# Goal of the exercise:
Using the records below, output the stretch that opens with the line containing "네이버부동산은 실시간으로 조회수가" and closes with the line containing "Feathers on a", exactly and including both lines, with nothing more.

# The data:
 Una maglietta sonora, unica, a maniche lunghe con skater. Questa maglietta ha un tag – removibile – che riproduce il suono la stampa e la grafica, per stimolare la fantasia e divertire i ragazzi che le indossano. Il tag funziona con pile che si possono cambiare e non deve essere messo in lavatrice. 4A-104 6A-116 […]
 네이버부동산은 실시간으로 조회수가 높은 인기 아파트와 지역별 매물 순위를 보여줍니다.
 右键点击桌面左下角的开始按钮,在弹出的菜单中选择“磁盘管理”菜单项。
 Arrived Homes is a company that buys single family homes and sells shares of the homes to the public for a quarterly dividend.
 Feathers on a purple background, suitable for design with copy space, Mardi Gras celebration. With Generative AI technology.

...

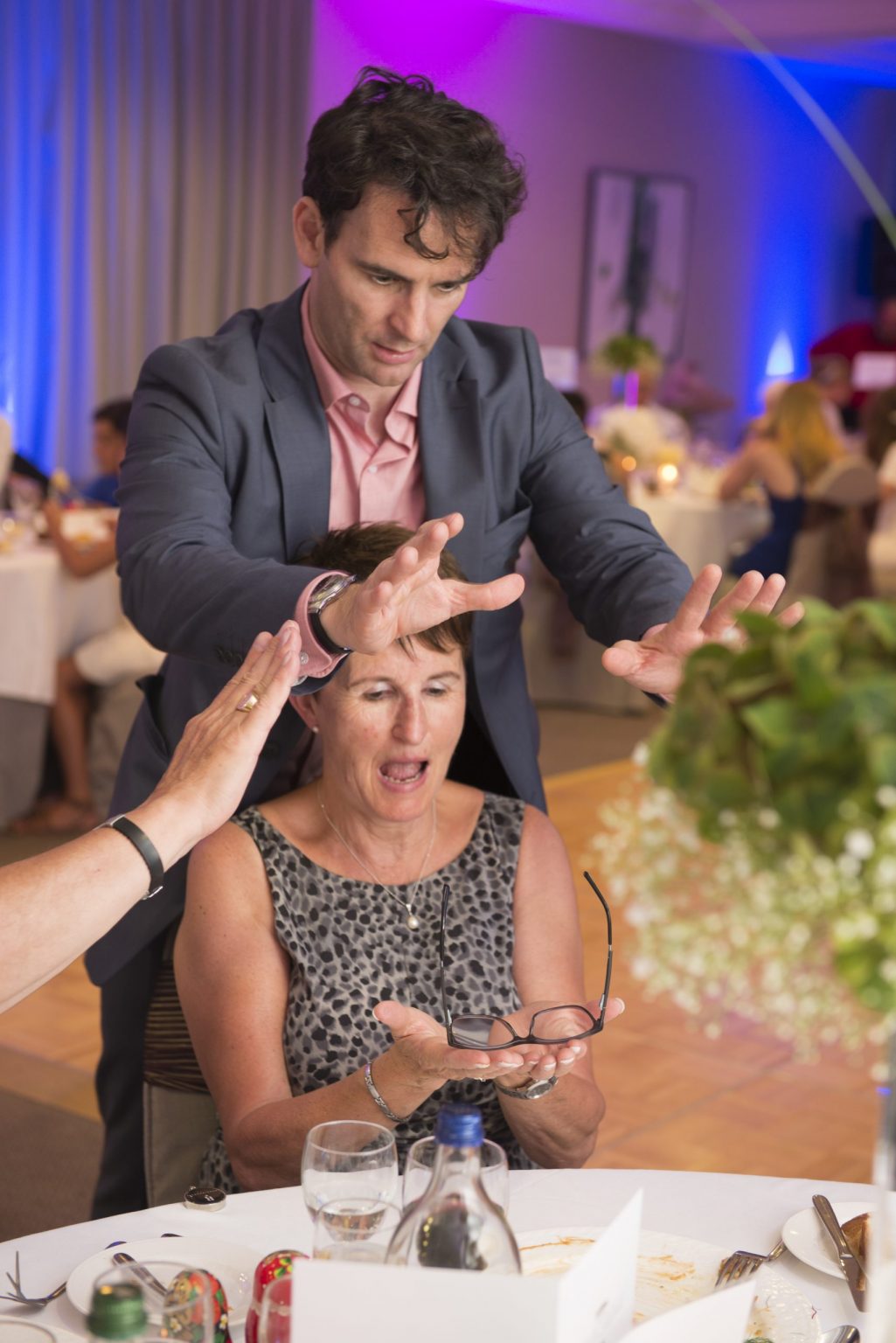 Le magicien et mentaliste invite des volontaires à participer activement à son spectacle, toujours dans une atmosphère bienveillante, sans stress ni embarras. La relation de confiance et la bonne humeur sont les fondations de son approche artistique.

--

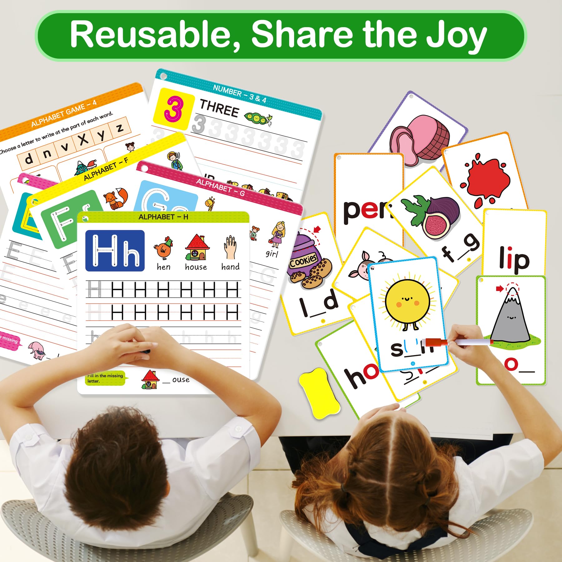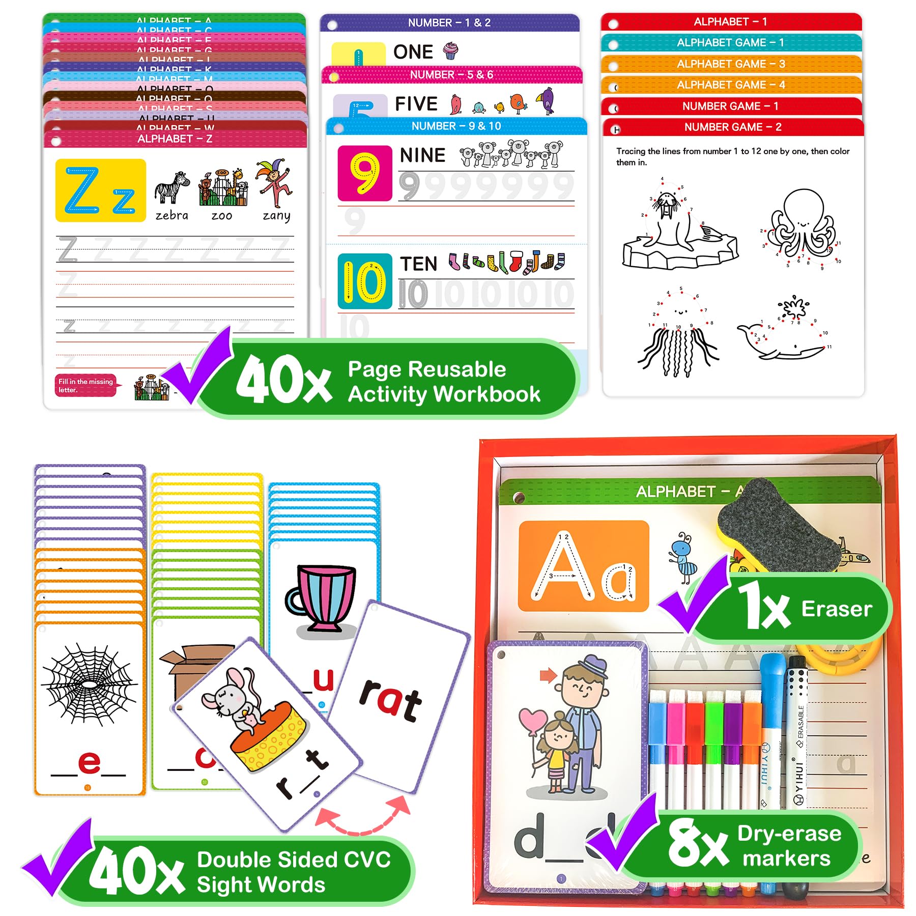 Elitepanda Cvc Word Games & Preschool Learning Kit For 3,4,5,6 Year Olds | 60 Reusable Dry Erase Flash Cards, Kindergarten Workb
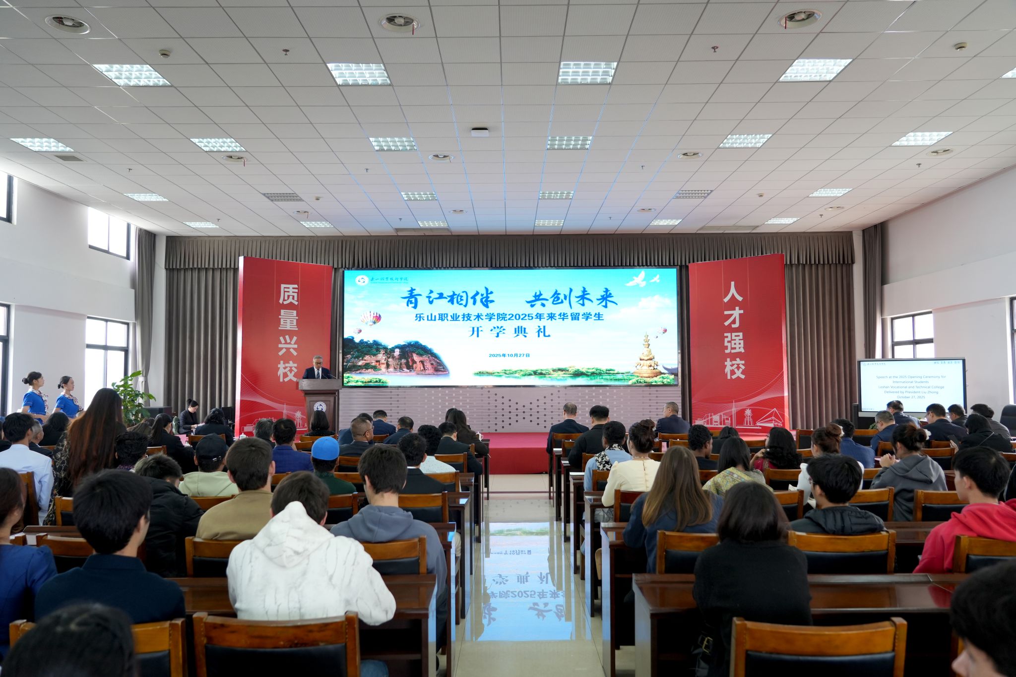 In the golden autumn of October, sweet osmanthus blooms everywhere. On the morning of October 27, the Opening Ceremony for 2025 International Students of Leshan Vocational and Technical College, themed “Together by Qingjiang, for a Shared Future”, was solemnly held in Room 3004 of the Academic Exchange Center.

# Answer space:
 네이버부동산은 실시간으로 조회수가 높은 인기 아파트와 지역별 매물 순위를 보여줍니다.
 右键点击桌面左下角的开始按钮,在弹出的菜单中选择“磁盘管理”菜单项。
 Arrived Homes is a company that buys single family homes and sells shares of the homes to the public for a quarterly dividend.
 Feathers on a purple background, suitable for design with copy space, Mardi Gras celebration. With Generative AI technology.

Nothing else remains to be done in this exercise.